◆ **Exercise aim**:
Leaving out every picture, copy the lines of the data exactly, from the first through the line containing "The Mountain Essentials".

◆ **Source material**:
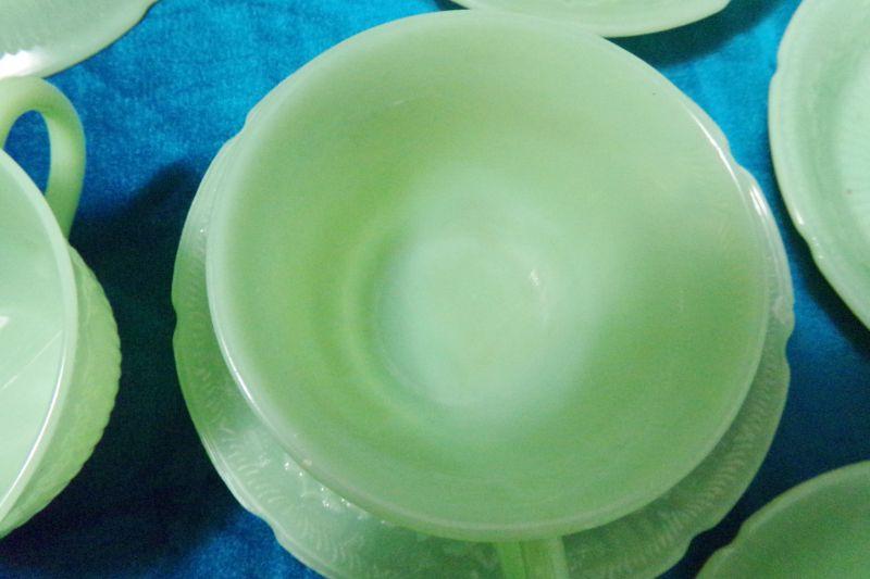 LOT 384 JADITE JADEITE CUPS AND SAUCERS
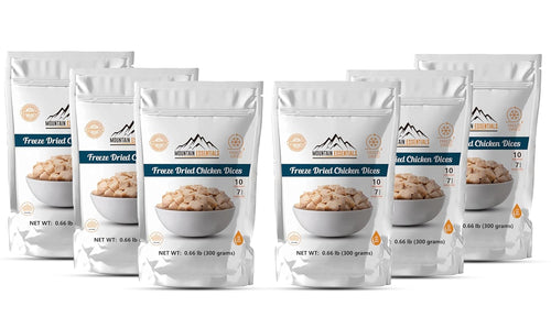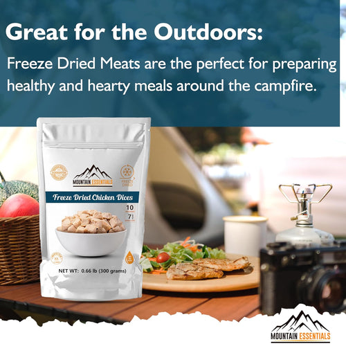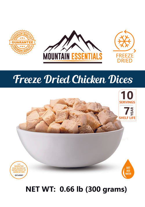 The Mountain Essentials Freeze-Dried Chicken Dices in a resealable pouch is a perfect addition to your food storage plan. This dehydrated chicken product is of premium quality and contains only two ingredients - chicken and salt. With a shelf life of up to 7 years when unopened, this product is ideal for emergency food supply needs.
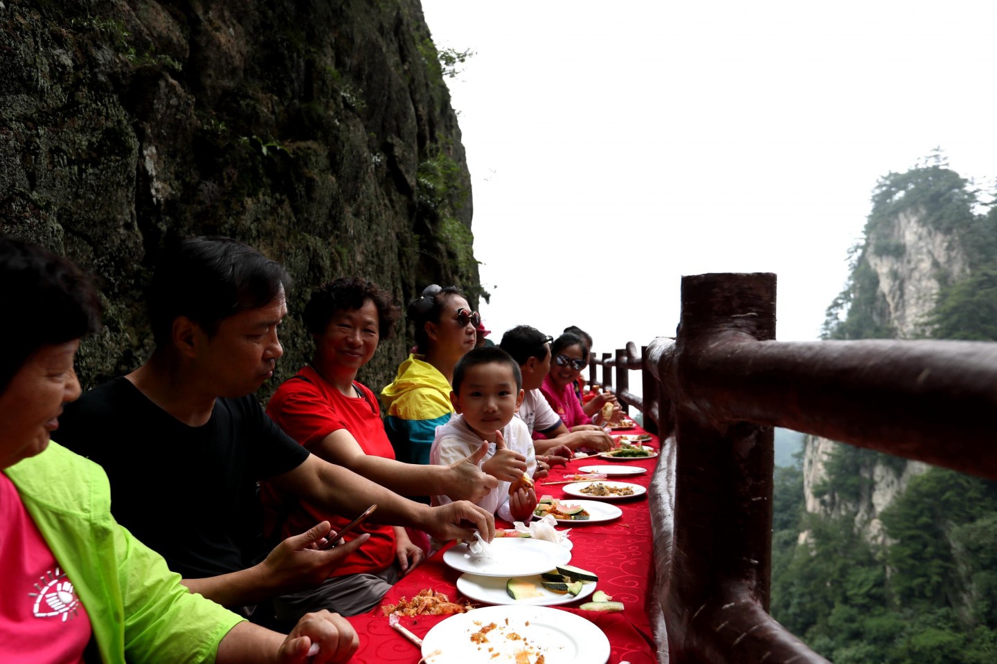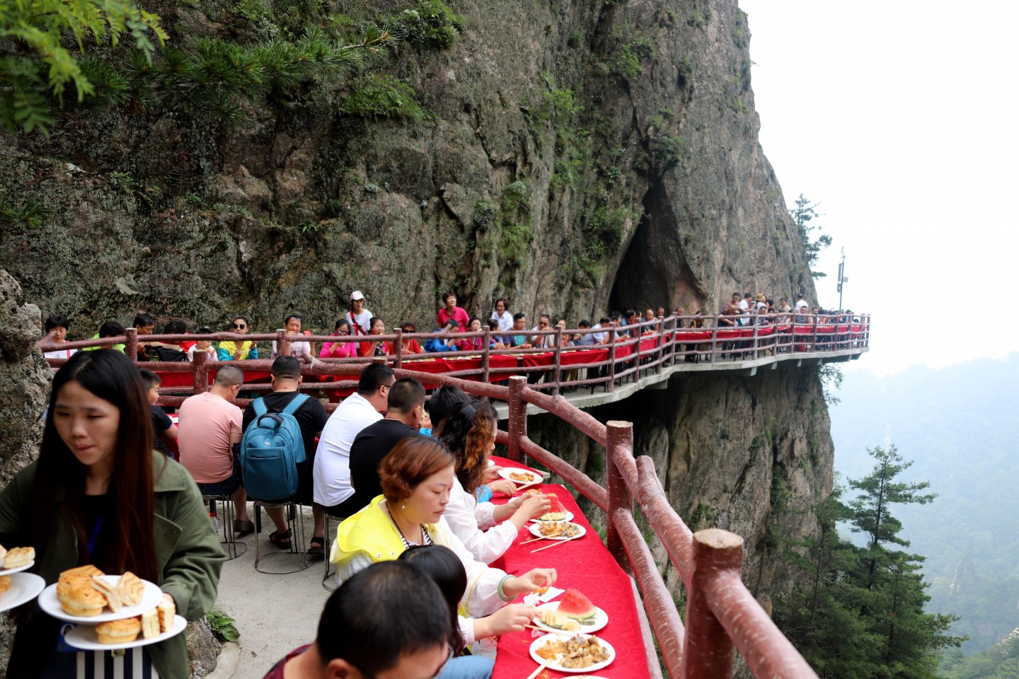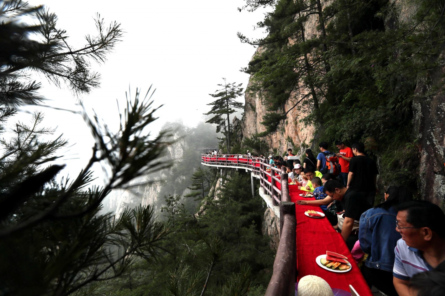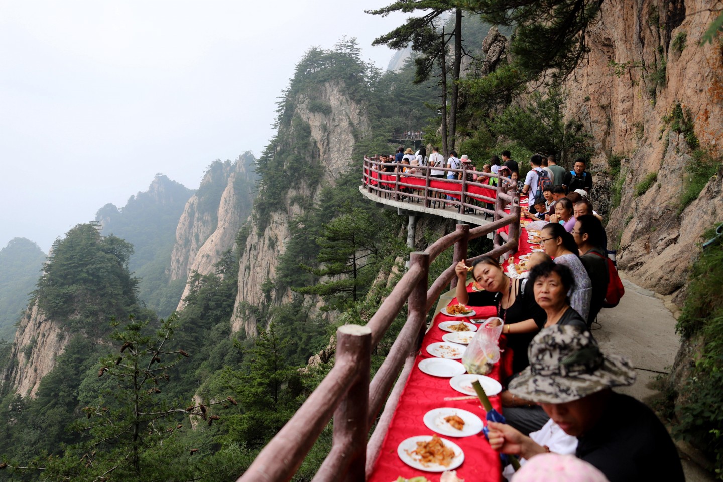 Pie klints pašas malas Henanas provincē Ķīnā noticis vērienīgs bankets.

◆ **Result below**:
 LOT 384 JADITE JADEITE CUPS AND SAUCERS
 The Mountain Essentials Freeze-Dried Chicken Dices in a resealable pouch is a perfect addition to your food storage plan. This dehydrated chicken product is of premium quality and contains only two ingredients - chicken and salt. With a shelf life of up to 7 years when unopened, this product is ideal for emergency food supply needs.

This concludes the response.